== Dataset content ==
Segment Open

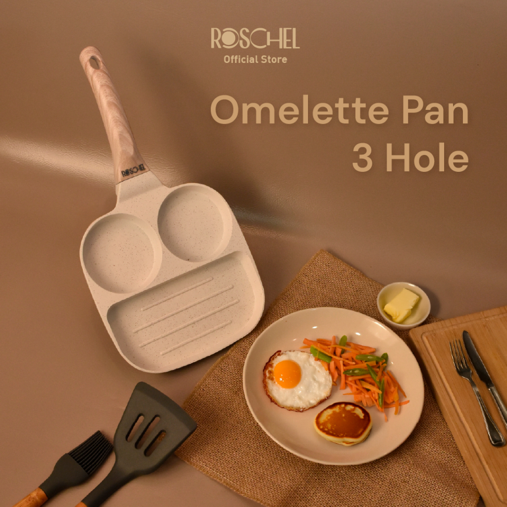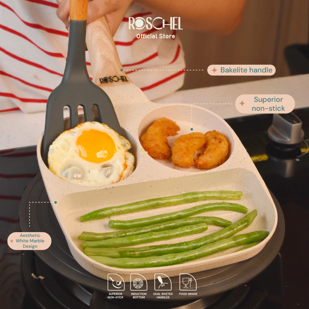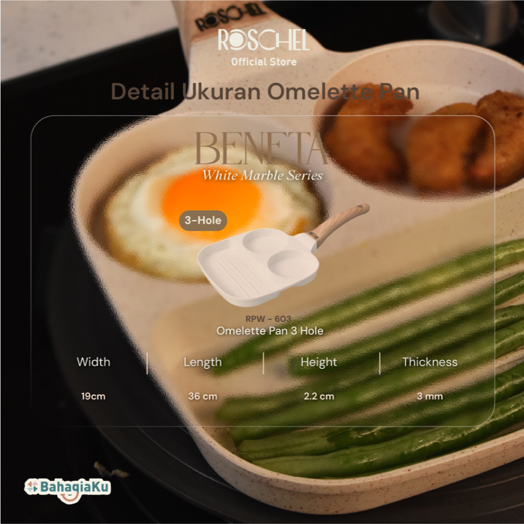 ROSCHEL BENETA WHITE MARBLE COATING NON-STICK OMELETTE PAN 3 4 LUBANG TAMAGO EGG PAN PANCI WAJAN PENGGORENGAN
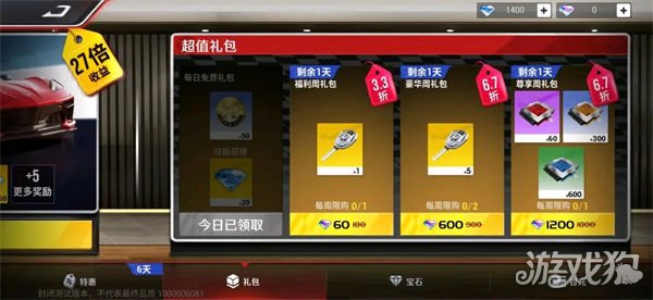 游戏内的礼包购买界面中,每天都会刷新一个免费礼包,礼包中有一定数量的钻石和金币,也别忘了每天领取一下。
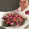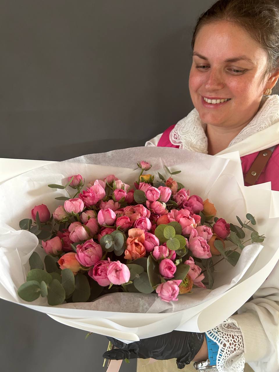 A radiant bouquet that captures the essence of joy and elegance. Delicate pink and coral roses blend with fresh eucalyptus leaves, wrapped in crisp white paper for a refined finish. This floral arrangement brings warmth and charm to any occasion — from heartfelt gifts to stylish decor.
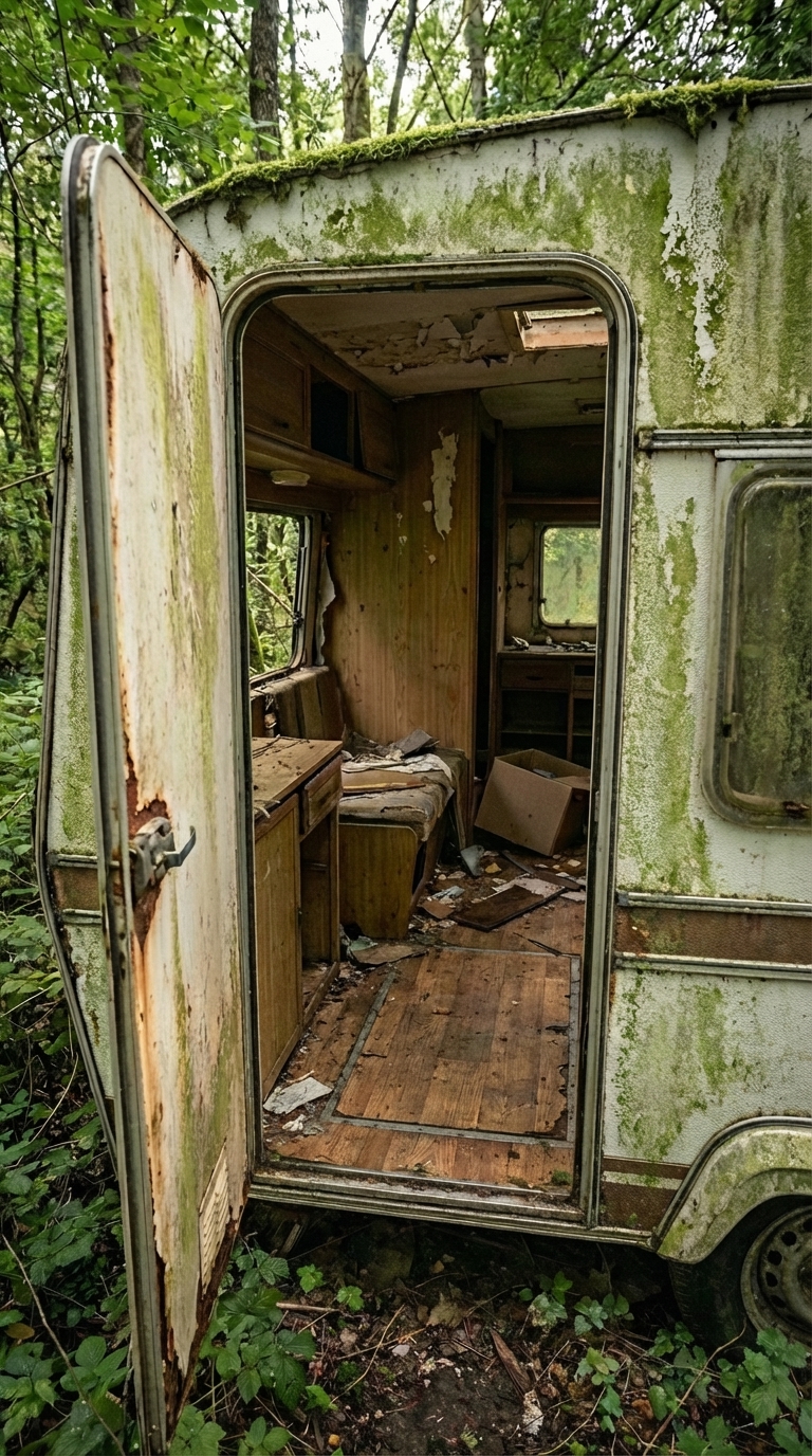 At first glance, this old, moss-covered trailer deep in the forest looks completely forgotten. Rusted metal, broken wood panels, and years of decay make it blend naturally into the surroundings. It’s the kind of place most people would walk past without a second thought. But behind this abandoned shell lies a carefully concealed underground bunker entrance.

Segment Closed

== Exercise objective ==
Word for word, quote the full listing, omitting every picture.

== Exercise result ==
 ROSCHEL BENETA WHITE MARBLE COATING NON-STICK OMELETTE PAN 3 4 LUBANG TAMAGO EGG PAN PANCI WAJAN PENGGORENGAN
 游戏内的礼包购买界面中,每天都会刷新一个免费礼包,礼包中有一定数量的钻石和金币,也别忘了每天领取一下。
 A radiant bouquet that captures the essence of joy and elegance. Delicate pink and coral roses blend with fresh eucalyptus leaves, wrapped in crisp white paper for a refined finish. This floral arrangement brings warmth and charm to any occasion — from heartfelt gifts to stylish decor.
 At first glance, this old, moss-covered trailer deep in the forest looks completely forgotten. Rusted metal, broken wood panels, and years of decay make it blend naturally into the surroundings. It’s the kind of place most people would walk past without a second thought. But behind this abandoned shell lies a carefully concealed underground bunker entrance.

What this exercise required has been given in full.